Task prompt -
Write out exactly the lines from the one containing "Diese Schüller moderne" through the last line of the records below, both included, and leave out any pictures.

Task input -
--

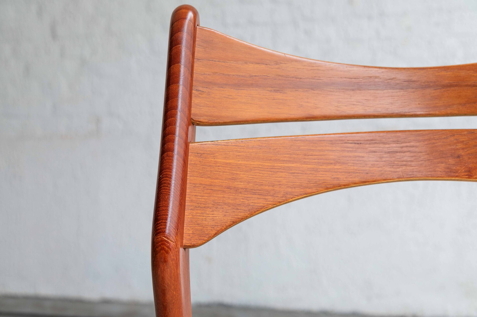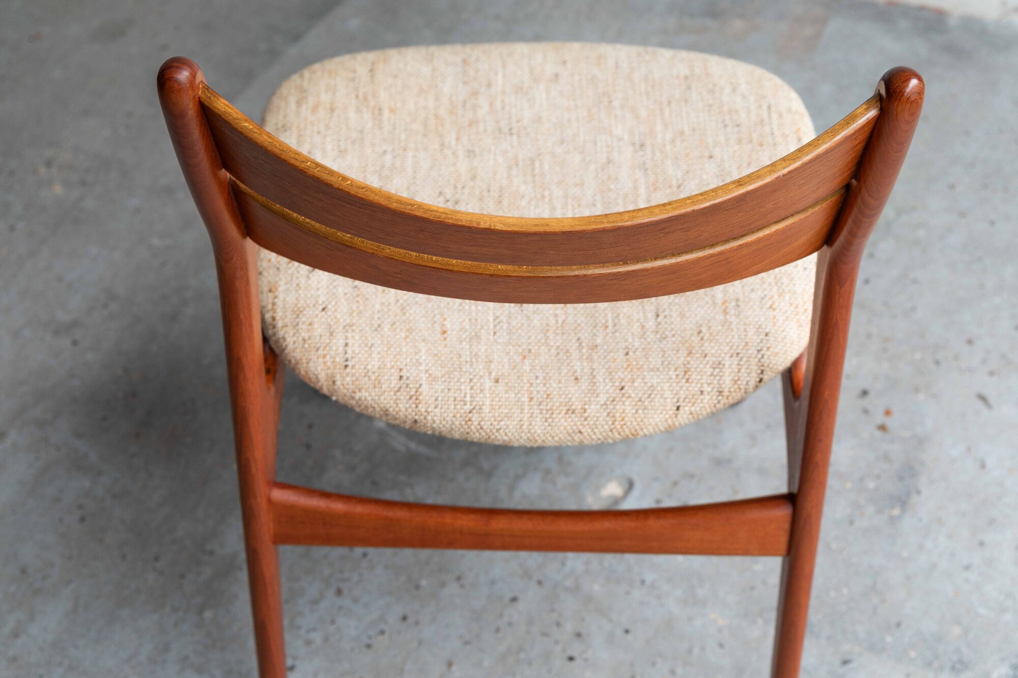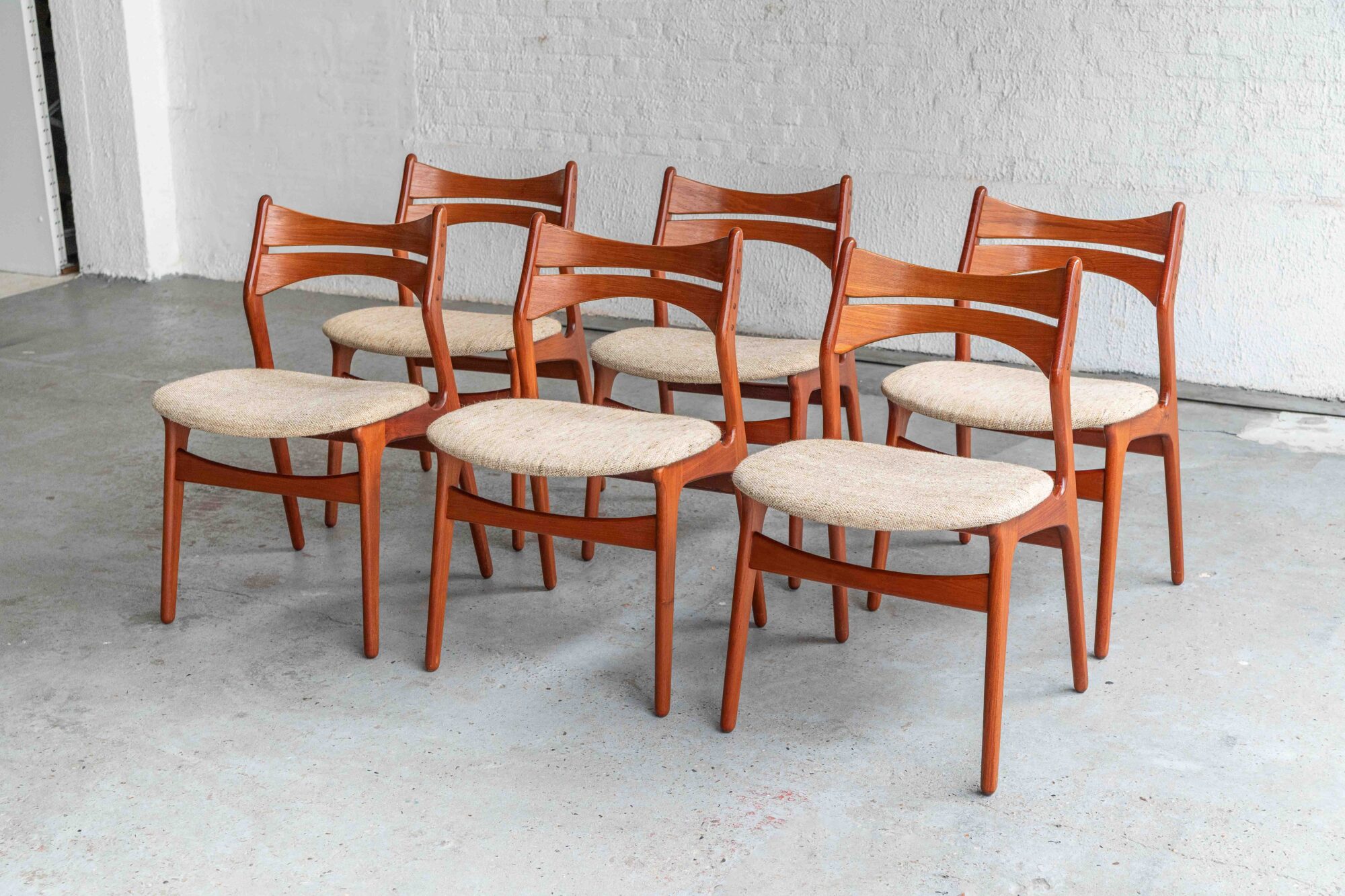 Set of 6 Danish teak dining chairs ‘model 310’ designed by Erik Buck and produced by Christian Christensens Møbelfabrik in Denmark in the 1960’s. The elegant design, and condition of the solid teak frames make this a very nice set. The woolen upholstery is original and therefore has a few darker stains. For the rest the whole set is in beautiful condition, as shown in the pictures.
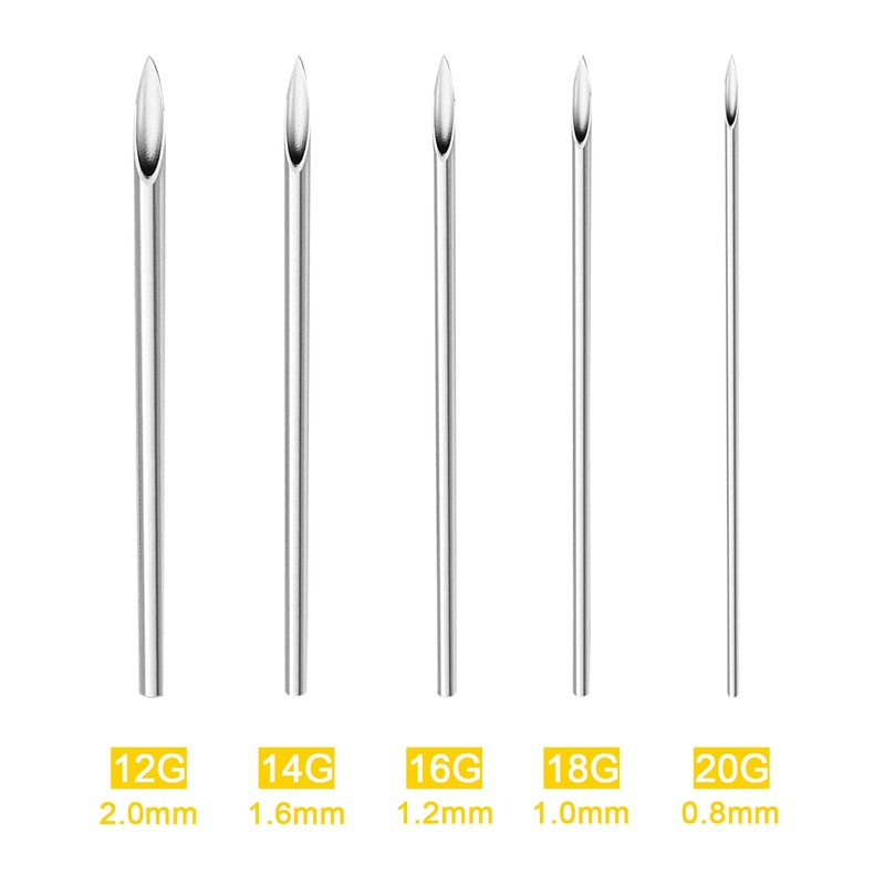 - VALUE PACKAGE - Includes mixed 100pcs ear nose piercing tools, 20pcs each size in 12G 14G 16G 18G 20G. All piercing tools are individually packed and sealed, for disposable use only.
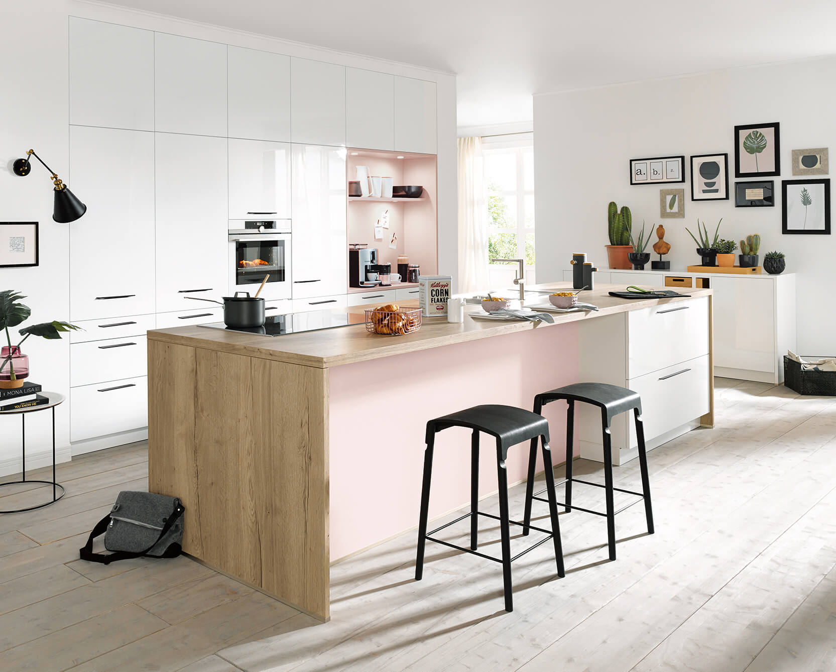 Diese Schüller moderne Inselküche Kristallweiß besticht mit klassischer Eleganz und viel Liebe zum Detail. Die weißen Küchenfronten in Hochglanzoptik erhellen den Raum und bringen die Küche zum Strahlen. Die Nischenverkleidung und die Inselrückwand sind in einem frischen Rosaton gehalten, der einen schönen Kontrast erzeugt. Diese gezielten Farbtupfer brechen das schlichte Design der Inselküche auf und erschaffen eine einzigartige Küchenkomposition.
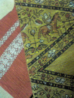 ↓最近買った半幅帯、リバーシブルで、騎馬武者?の柄なんですよ~!動物とか、鳥さんの柄に弱いんです。
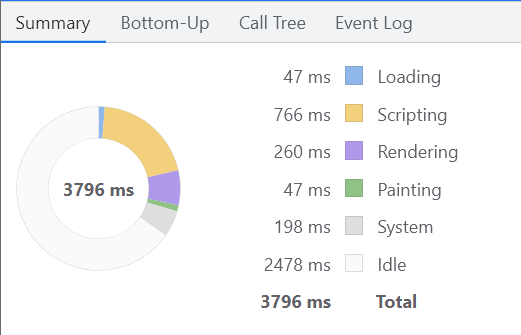 - 브라우저 렌더링 과정 중 발생한 작업 시간의 총합과 각 작업이 차지하는 비중
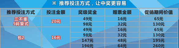 贈票活動不限投注方式,單式、復式、組合如中獎均可贈票。采用復式組合投注,獎金有可能會翻2倍、3倍或4倍,是真正的獎金會翻倍的彩票,尤其是現在活動升級,贈票金額翻倍,獎金更高更超值。

--

Your response -
 Diese Schüller moderne Inselküche Kristallweiß besticht mit klassischer Eleganz und viel Liebe zum Detail. Die weißen Küchenfronten in Hochglanzoptik erhellen den Raum und bringen die Küche zum Strahlen. Die Nischenverkleidung und die Inselrückwand sind in einem frischen Rosaton gehalten, der einen schönen Kontrast erzeugt. Diese gezielten Farbtupfer brechen das schlichte Design der Inselküche auf und erschaffen eine einzigartige Küchenkomposition.
 ↓最近買った半幅帯、リバーシブルで、騎馬武者?の柄なんですよ~!動物とか、鳥さんの柄に弱いんです。
 - 브라우저 렌더링 과정 중 발생한 작업 시간의 총합과 각 작업이 차지하는 비중
 贈票活動不限投注方式,單式、復式、組合如中獎均可贈票。采用復式組合投注,獎金有可能會翻2倍、3倍或4倍,是真正的獎金會翻倍的彩票,尤其是現在活動升級,贈票金額翻倍,獎金更高更超值。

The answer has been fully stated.